### Records for the exercise ###

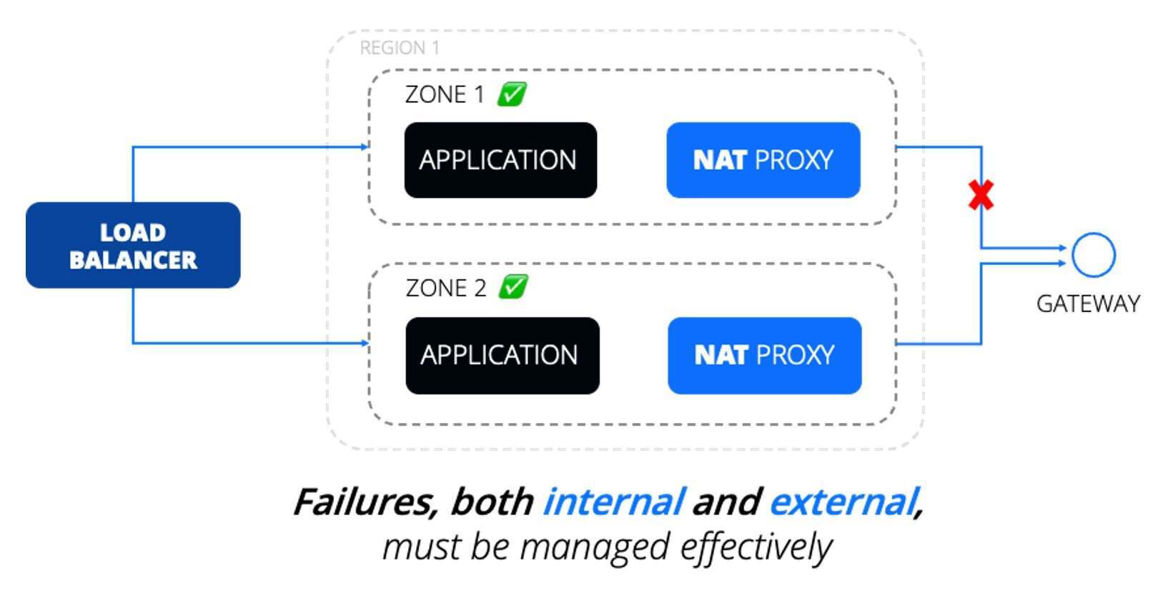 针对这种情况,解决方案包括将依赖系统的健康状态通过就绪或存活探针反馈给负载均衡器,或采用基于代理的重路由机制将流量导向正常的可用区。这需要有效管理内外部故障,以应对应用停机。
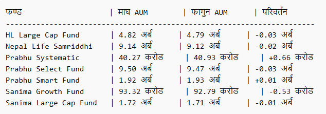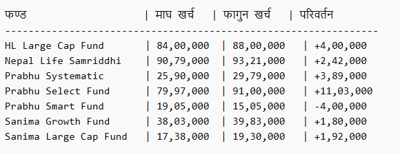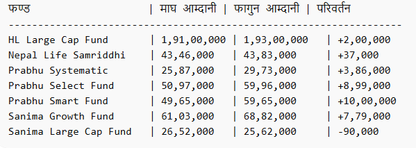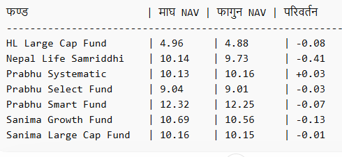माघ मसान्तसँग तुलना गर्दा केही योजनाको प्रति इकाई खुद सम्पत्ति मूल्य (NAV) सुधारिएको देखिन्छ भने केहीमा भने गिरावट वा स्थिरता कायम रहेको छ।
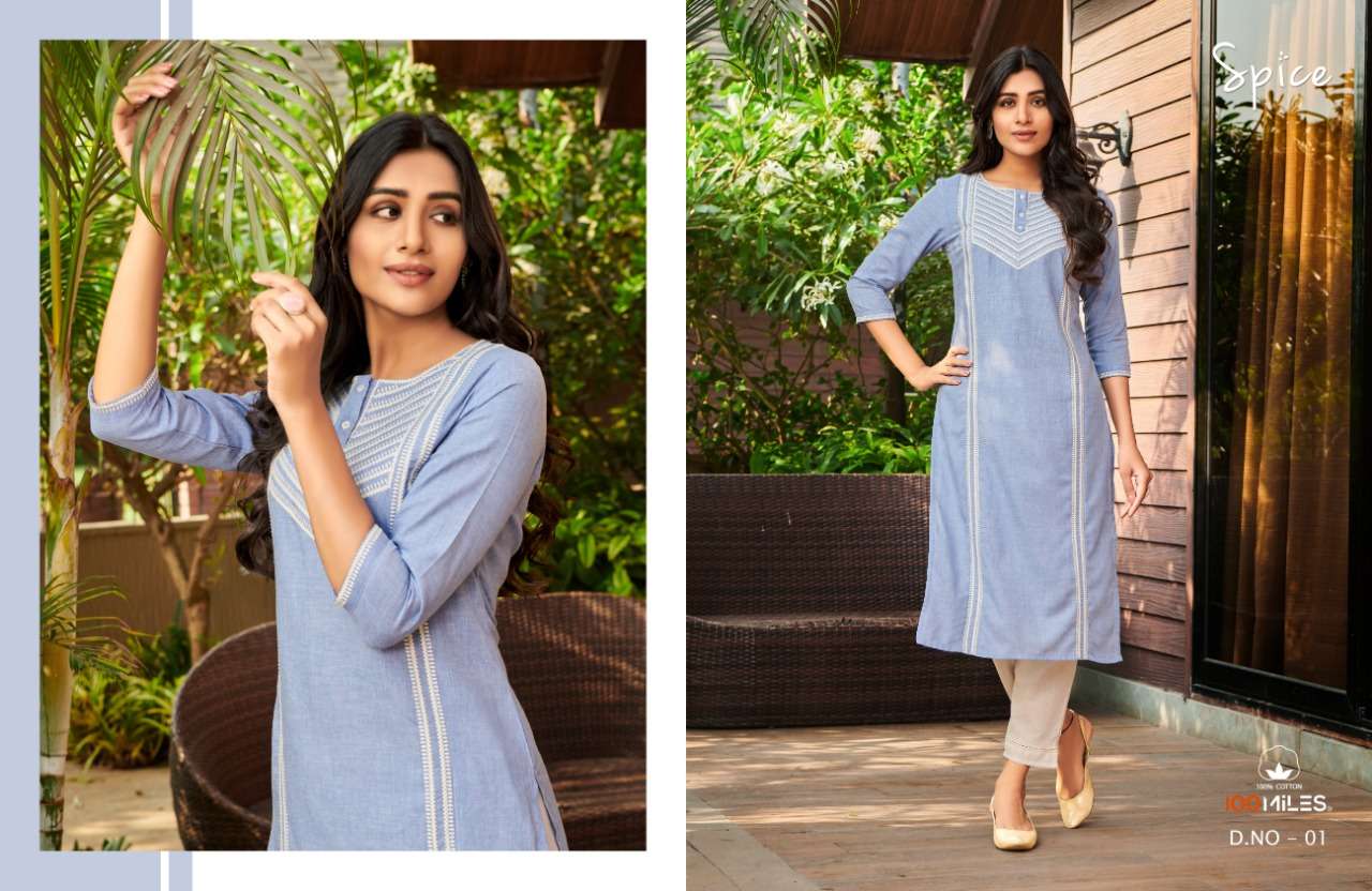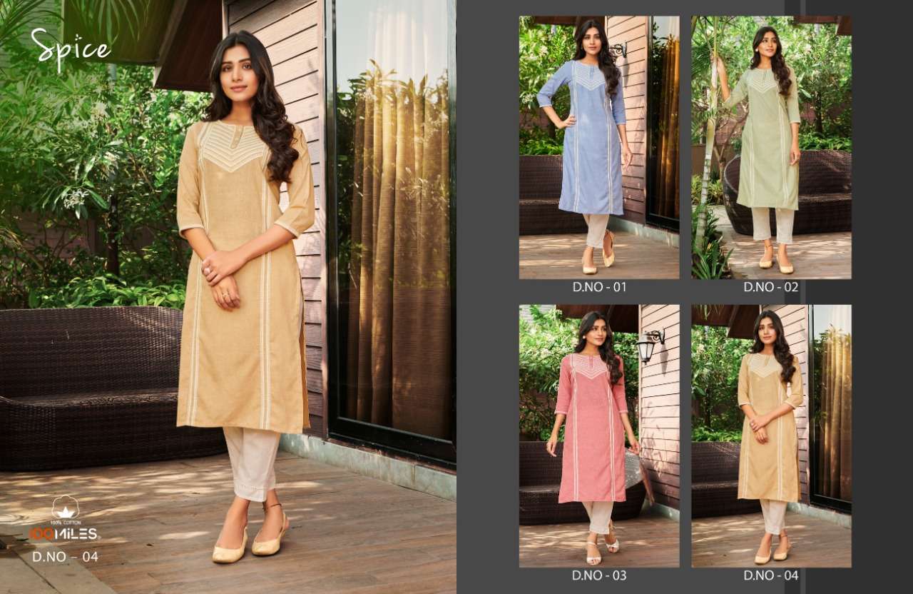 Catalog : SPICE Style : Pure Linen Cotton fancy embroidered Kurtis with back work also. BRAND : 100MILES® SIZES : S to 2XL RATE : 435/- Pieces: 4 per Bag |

###
### Records for the exercise ###

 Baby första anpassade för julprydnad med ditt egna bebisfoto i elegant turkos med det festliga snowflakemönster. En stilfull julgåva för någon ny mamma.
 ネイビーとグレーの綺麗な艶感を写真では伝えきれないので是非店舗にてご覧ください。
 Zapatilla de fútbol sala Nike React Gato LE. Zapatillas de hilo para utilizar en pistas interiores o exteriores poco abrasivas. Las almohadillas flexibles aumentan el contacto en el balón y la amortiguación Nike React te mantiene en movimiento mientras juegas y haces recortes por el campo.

###
### Records for the exercise ###

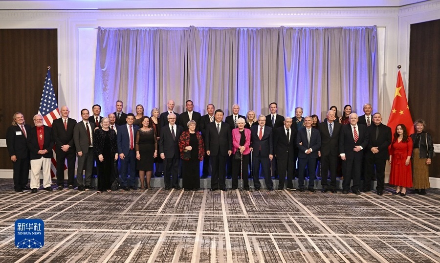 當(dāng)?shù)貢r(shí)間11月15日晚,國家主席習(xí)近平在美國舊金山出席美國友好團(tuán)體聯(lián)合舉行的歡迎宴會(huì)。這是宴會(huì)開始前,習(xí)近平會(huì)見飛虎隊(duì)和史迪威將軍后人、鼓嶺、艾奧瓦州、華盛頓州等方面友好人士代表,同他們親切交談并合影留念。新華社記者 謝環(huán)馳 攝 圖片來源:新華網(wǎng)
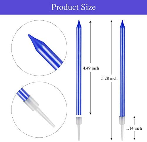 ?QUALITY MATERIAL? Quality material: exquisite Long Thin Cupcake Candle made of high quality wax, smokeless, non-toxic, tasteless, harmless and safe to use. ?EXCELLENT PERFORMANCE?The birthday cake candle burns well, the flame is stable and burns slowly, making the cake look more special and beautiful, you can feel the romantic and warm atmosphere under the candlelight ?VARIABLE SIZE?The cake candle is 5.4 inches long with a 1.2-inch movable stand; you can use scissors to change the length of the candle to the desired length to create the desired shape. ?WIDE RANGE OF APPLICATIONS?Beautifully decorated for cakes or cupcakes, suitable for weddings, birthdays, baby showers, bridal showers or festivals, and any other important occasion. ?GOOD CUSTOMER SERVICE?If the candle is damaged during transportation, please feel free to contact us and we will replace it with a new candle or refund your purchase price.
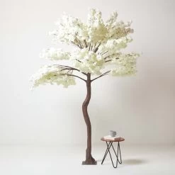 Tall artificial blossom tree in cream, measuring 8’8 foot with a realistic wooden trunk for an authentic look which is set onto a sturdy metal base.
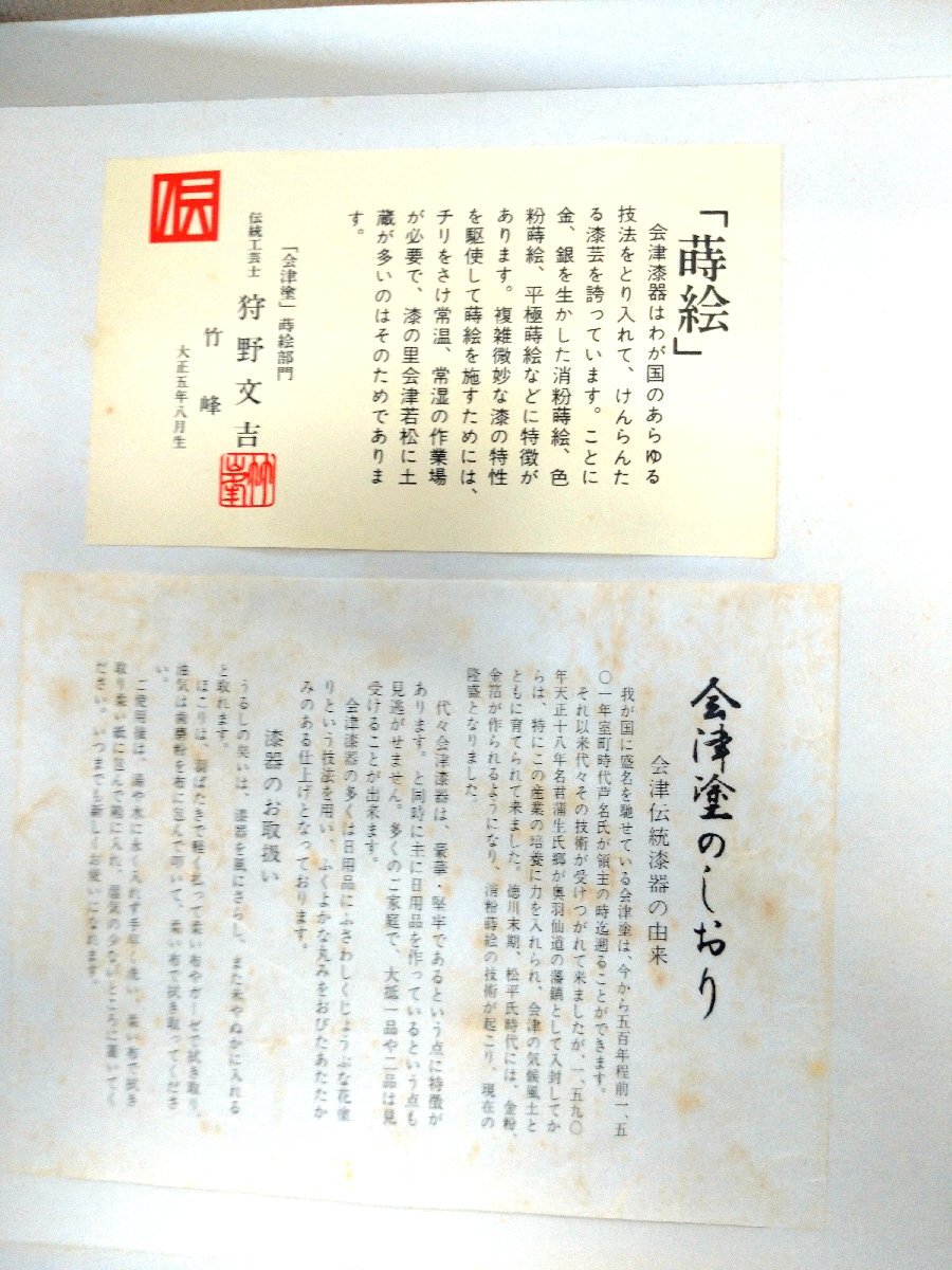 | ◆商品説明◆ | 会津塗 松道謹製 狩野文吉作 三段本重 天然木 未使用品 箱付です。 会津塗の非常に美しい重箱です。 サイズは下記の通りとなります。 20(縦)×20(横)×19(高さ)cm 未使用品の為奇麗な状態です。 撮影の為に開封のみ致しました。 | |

###

From the data above, output exactly the lines between the one containing "ネイビーとグレーの綺麗な艶感" and the one containing "Zapatilla de fútbol", counting both of them.

Result below>
 ネイビーとグレーの綺麗な艶感を写真では伝えきれないので是非店舗にてご覧ください。
 Zapatilla de fútbol sala Nike React Gato LE. Zapatillas de hilo para utilizar en pistas interiores o exteriores poco abrasivas. Las almohadillas flexibles aumentan el contacto en el balón y la amortiguación Nike React te mantiene en movimiento mientras juegas y haces recortes por el campo.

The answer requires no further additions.